PHDs are highly conserved in KMT2A-D proteins

Amino acid conservation between PHDs of some mammals is surprisingly high (~ 99% identity) and prompted us to analyze the conservation of orthologues from a broader range of species (Suppl. Figure 1a). This comparison indicated that PHDs are among the most conserved regions within KMT2A-D proteins (Fig. 1b), in some cases (i.e., PHD4-6 of KMT2D) rivaling conservation of the catalytic SET domains. Differences between paralogous clustered PHDs in human KMT2A-D proteins are considerable, with typical values for amino acid identity and similarity below 40% and 50%, respectively (Suppl. Figure 1b). The high conservation between species and variability among different modules suggests that PHDs play an important role in KMT2A-D biology.

Interaction between PHDs and histones strengthens with an increasing number of PHDs

For in vitro biochemical characterisation, we cloned and purified from E. coli bacterial lysates all clustered PHDs of KMT2A-D proteins as well as some singlets or doublets as fusion proteins with GST-tag (Fig. 2a-c). We excluded PHDs of KMT2B from further studies, as they were poorly expressed and had low solubility. Hereafter, we designate individual PHDs by their paralogue identifier (2A-D) and by their position, i.e., the third PHD in KMT2A is abbreviated as 2A3. Similarly, clusters of PHDs are designated by the first and last domains, e.g., 2A13 comprises PHD1, PHD2 and PHD3 of KMT2A. PHDs containing an extension with the C4 zinc finger are termed “extended” PHDs [32] and are abbreviated with an extra “e”: 2Ae3, 2Be3, 2Ce4, 2Ce7, and 2De6.

Fig. 2
figure 2

The affinity between PHDs and histones grows with the number of PHDs. a Overview of all purified GST-tagged PHDs. b Table with construct labels and protein regions, based on the UniProt entries. c 12% SDS-PAGE gel with 140 pmol purified isolated PHD domains stained with Coomasie blue. d Scheme of Far-Western blot methodology. e Far-Western blot performed with 100 nM solution of singlets (2C7, 2Ce7), doublet (2C67), and triplet (2C57) PHDs with a membrane containing denatured recombinant H3/H4 (Rec) and endogenous histones isolated from HeLa S3 cells. All membranes were exposed simultaneously. f Western blot of the GST pull-down samples with singlets (2A3, 2C7, 2D6), enhanced singlets (2Ce7, 2De6), doublet (2C67), and full-length clusters (2A13, 2C14, 2C57, 2D13, 2D46) of GST-tagged PHDs. Bound mononucleosomes were identified using an anti-H3 antibody. The experiments were performed at the same time, at least with two replicates

To characterize binding properties of PHD domains in vitro but within the nucleosome context, we used recombinant histones and endogenous mononucleosomes isolated from a HeLa S3 cell line (Suppl. Figure 2a). First, we investigated the in vitro interactions with denatured proteins on the membrane by Far-Western blot (Fig. 2d-e, Suppl. Figure 2b). The analysis indicated that all GST-PHDs, but not GST alone, bound to both recombinant and endogenous H3, whereas other histones were bound either weakly or not at all. The strength of the histone interactions grew with the number of PHDs (e.g., 2C7 < 2Ce7 < 2C67 < 2C57) (Fig. 2e). For the triplets and the quartet, the interaction was strongest for 2D46 and 2C57 and weaker for 2A13, 2C14, and 2D13 (Suppl. Figure 2b). Histone modifications did not have a clear impact on the binding of PHDs, as both recombinant unmodified and endogenous modified H3 histones were bound with comparable affinity.

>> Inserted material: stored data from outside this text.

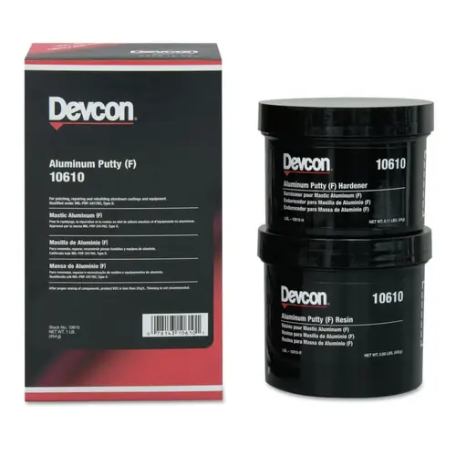 Devcon 10610 Aluminum Putty (F) Kit, 1 lb, Tub, Includes Hardener and Resin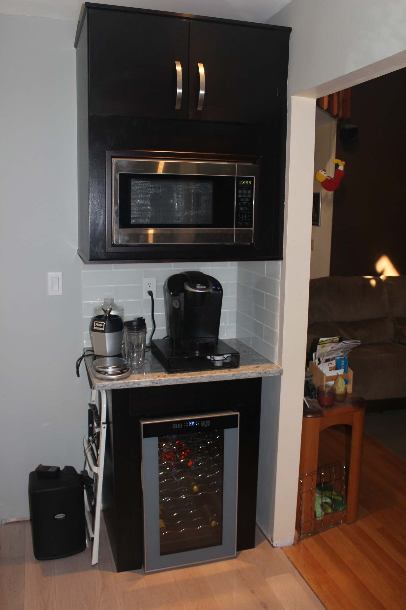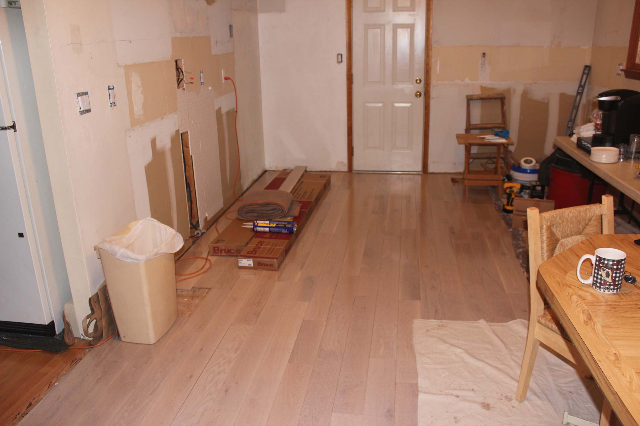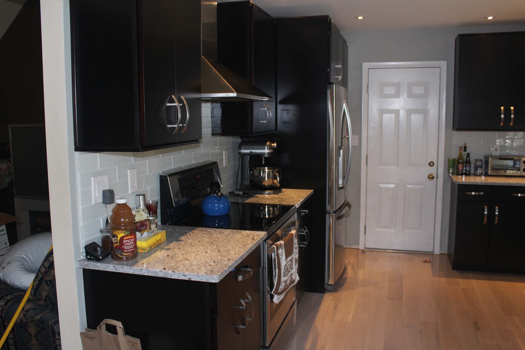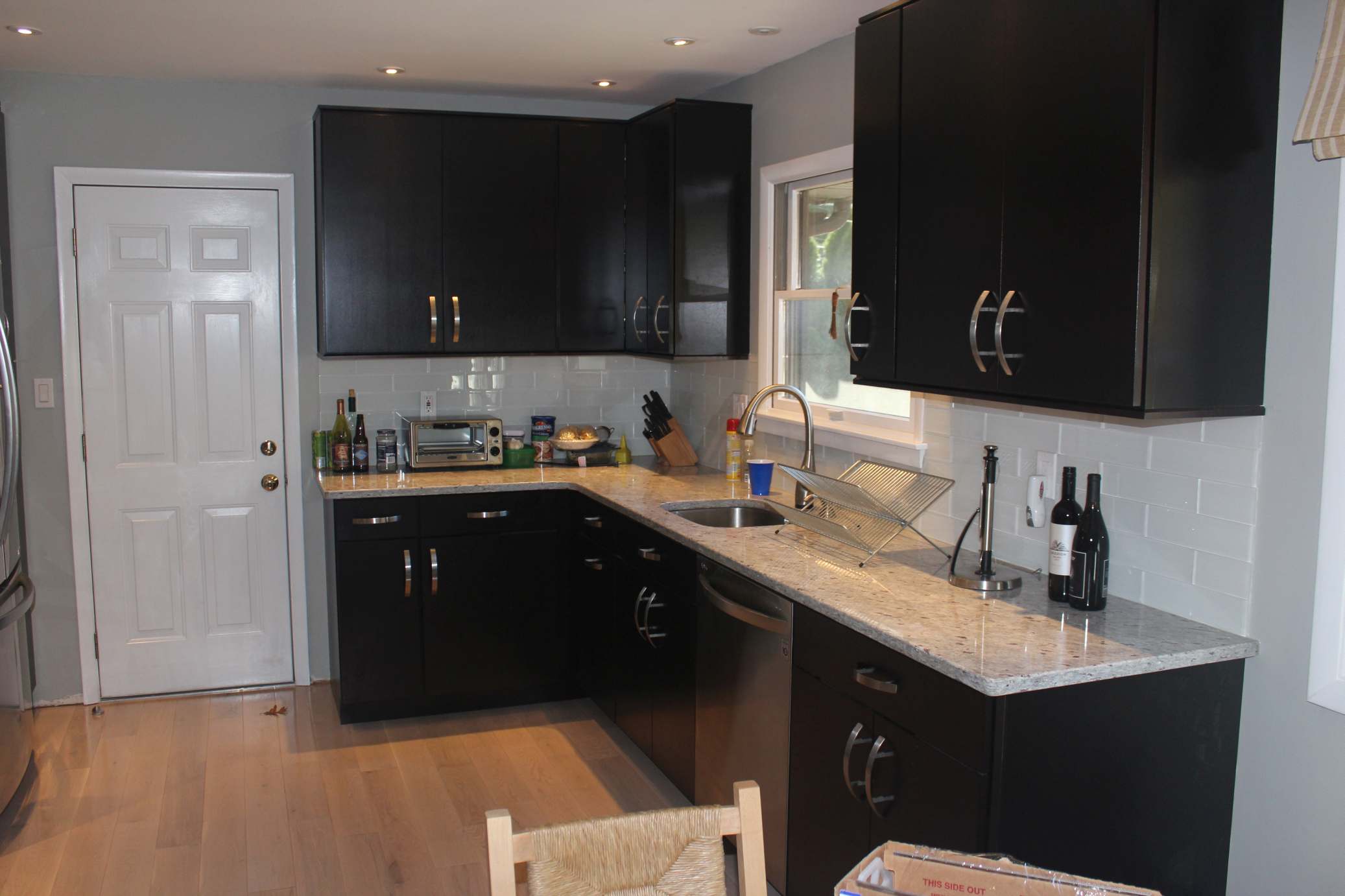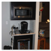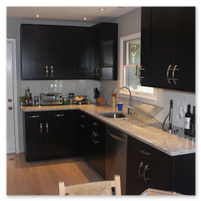 A few quick mentions is that the cabinets are maple in expresso brown with full wood (plywood) boxes and soft-close doors and drawers. The countertops are granite, the floor is 3/4” oak 5” wide planks and the appliances are LG. The East Northport Home Depot’s design department (Michelle) was an invaluable resource and highly recommended. They were the source for the cabinets, floor and countertops as well as much of the construction materials as you might expect. Appliances from P. C. Richards and the white glass backsplash was from Cancos.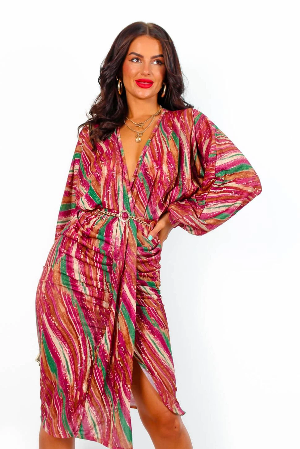 Totally falling for this dress. This midi comes in a dark burgundy brushstroke print with glitter throughout, batwing style sleeves and a draped style front. Take it to that fancy dinner you’ve got coming up in gold everything!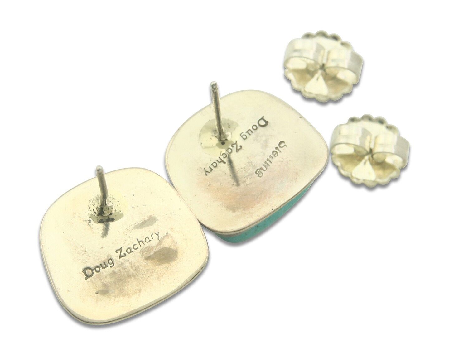 Navajo Earrings 925 Silver Turquoise Native Artist Signed Doug Zachary C.80's

Next, we tested the interaction of PHDs with endogenous mononucleosomes in solution and performed GST pull-down assays (Fig. 2f). Consistent with the Far-Western results, we observed stronger interactions with PHD doublets and triplets than with singlets. In the Far-Western assay, the 2C57 triplet bound mononucleosomes better than the 2C67 doublet, but the opposite was observed in the pull-down assay. Possibly this discrepancy is a consequence of the lower stability of 2C57 during the longer overnight incubation used for the pull-down experiments. These results suggest that collaboration between the clustered PHD modules in KMT2A-D strengthens histone interactions.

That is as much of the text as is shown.